— Exercise —
Nothing but the lines below from the one holding "在此頁面上,您可以看到此函式應用程式的測試和負載測試回合清單。" up to and including the one holding "Marius Șumudică salută" should be copied, exactly and without pictures.

— Data section —
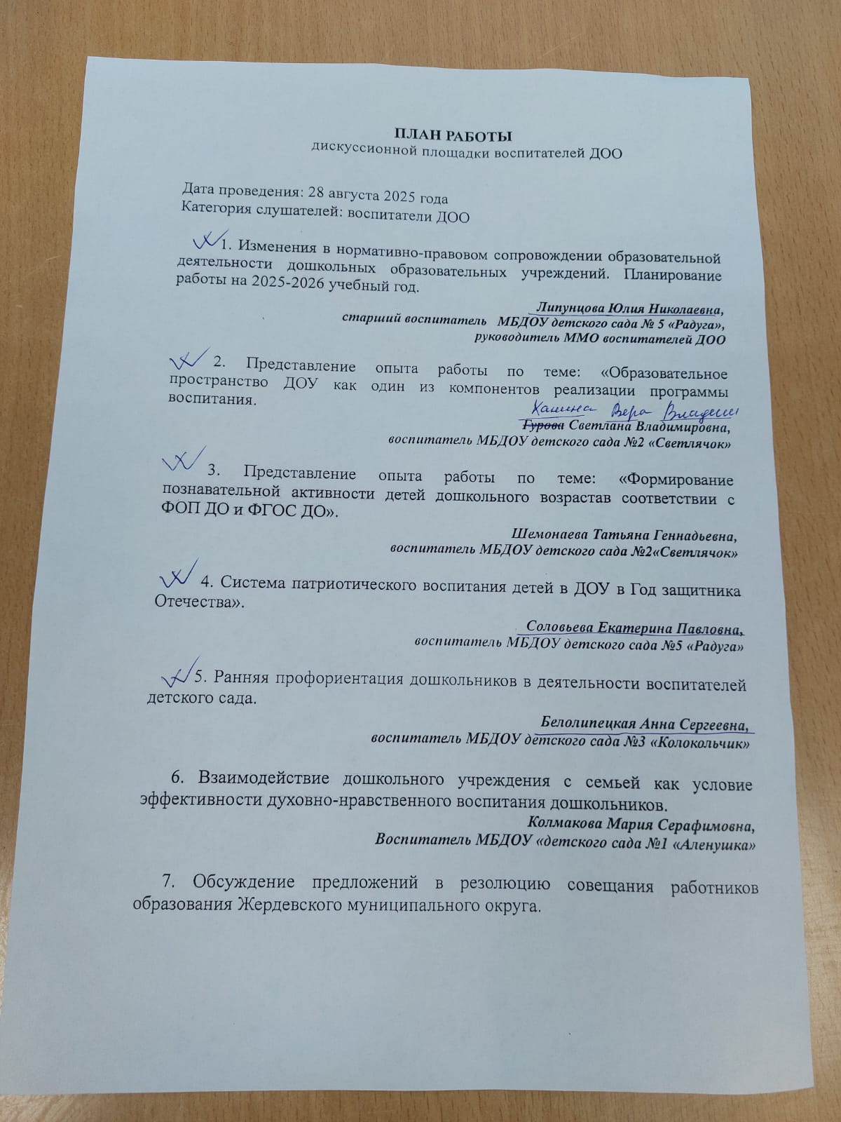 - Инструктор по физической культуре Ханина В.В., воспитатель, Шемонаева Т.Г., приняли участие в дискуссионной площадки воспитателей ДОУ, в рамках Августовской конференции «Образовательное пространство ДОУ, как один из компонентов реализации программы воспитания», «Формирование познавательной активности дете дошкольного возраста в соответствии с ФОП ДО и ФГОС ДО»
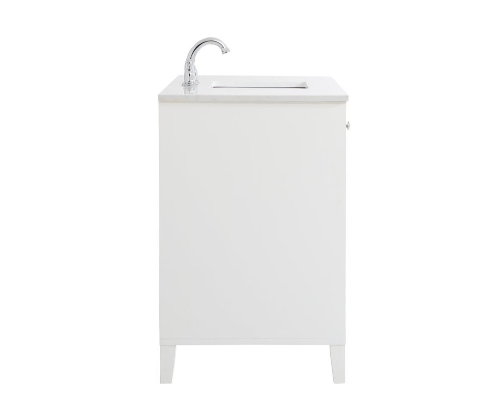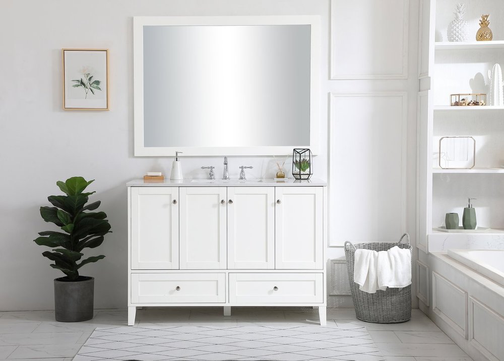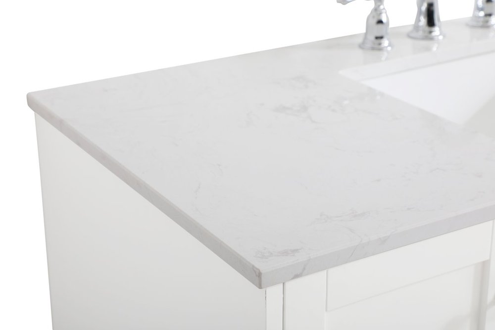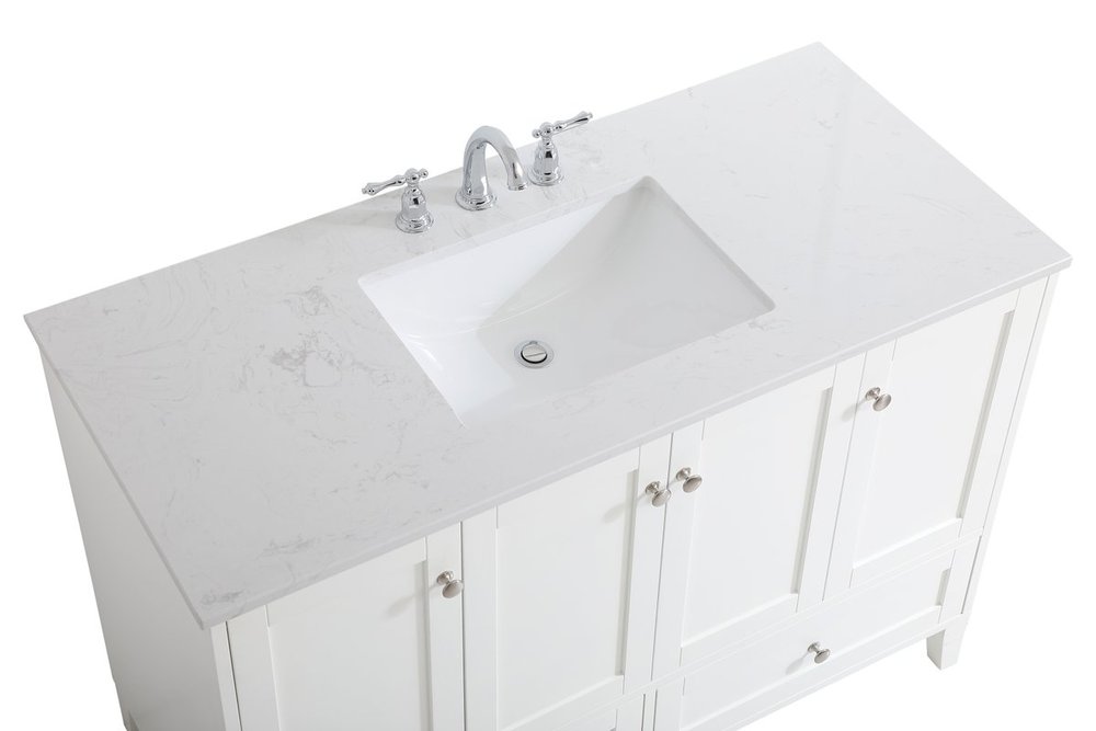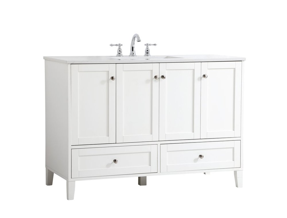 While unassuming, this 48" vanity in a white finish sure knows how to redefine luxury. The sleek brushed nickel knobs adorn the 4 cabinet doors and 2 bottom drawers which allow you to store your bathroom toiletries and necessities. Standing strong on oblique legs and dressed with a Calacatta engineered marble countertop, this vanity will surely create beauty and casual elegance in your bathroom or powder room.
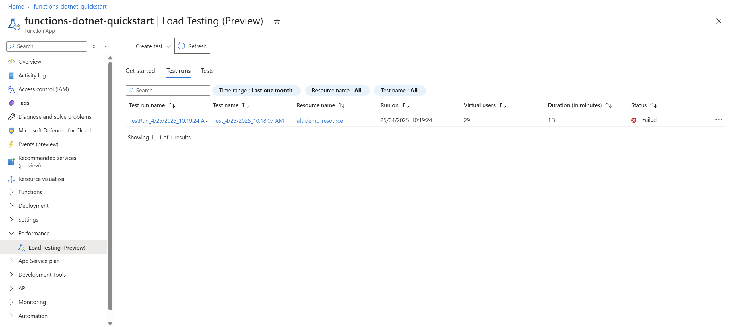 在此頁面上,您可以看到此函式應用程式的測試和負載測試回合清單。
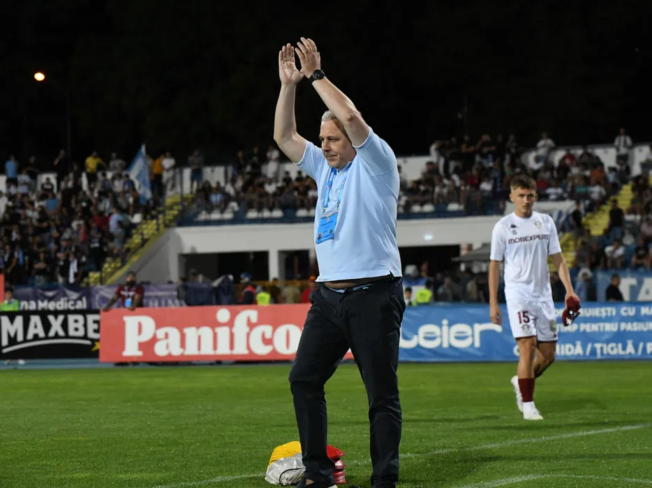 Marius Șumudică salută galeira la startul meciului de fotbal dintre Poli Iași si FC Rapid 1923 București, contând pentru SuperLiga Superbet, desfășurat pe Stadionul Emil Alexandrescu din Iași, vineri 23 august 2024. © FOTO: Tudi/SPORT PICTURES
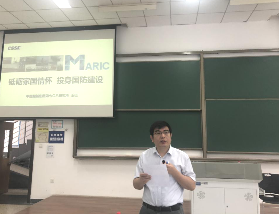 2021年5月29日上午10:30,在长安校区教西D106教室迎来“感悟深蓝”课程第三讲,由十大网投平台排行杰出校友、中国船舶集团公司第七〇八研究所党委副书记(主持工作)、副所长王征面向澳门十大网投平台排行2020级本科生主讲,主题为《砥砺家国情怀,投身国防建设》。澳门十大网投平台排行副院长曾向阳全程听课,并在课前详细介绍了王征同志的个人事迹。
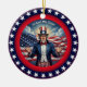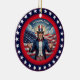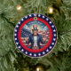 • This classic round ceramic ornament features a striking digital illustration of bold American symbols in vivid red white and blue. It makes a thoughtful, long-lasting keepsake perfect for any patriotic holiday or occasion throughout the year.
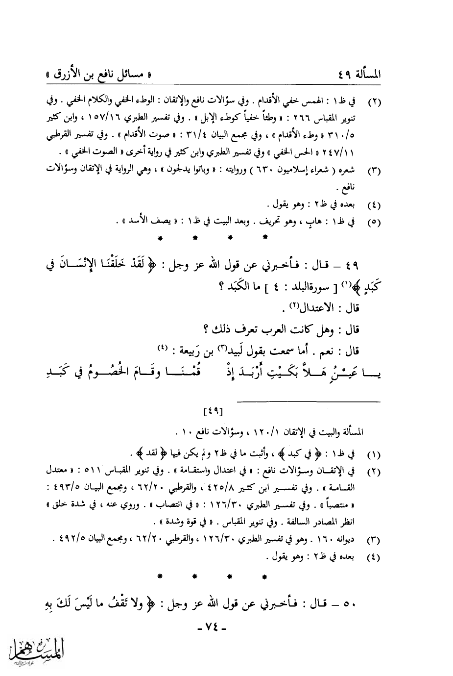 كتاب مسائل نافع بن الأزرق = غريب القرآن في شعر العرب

— Answer for this exercise —
 在此頁面上,您可以看到此函式應用程式的測試和負載測試回合清單。
 Marius Șumudică salută galeira la startul meciului de fotbal dintre Poli Iași si FC Rapid 1923 București, contând pentru SuperLiga Superbet, desfășurat pe Stadionul Emil Alexandrescu din Iași, vineri 23 august 2024. © FOTO: Tudi/SPORT PICTURES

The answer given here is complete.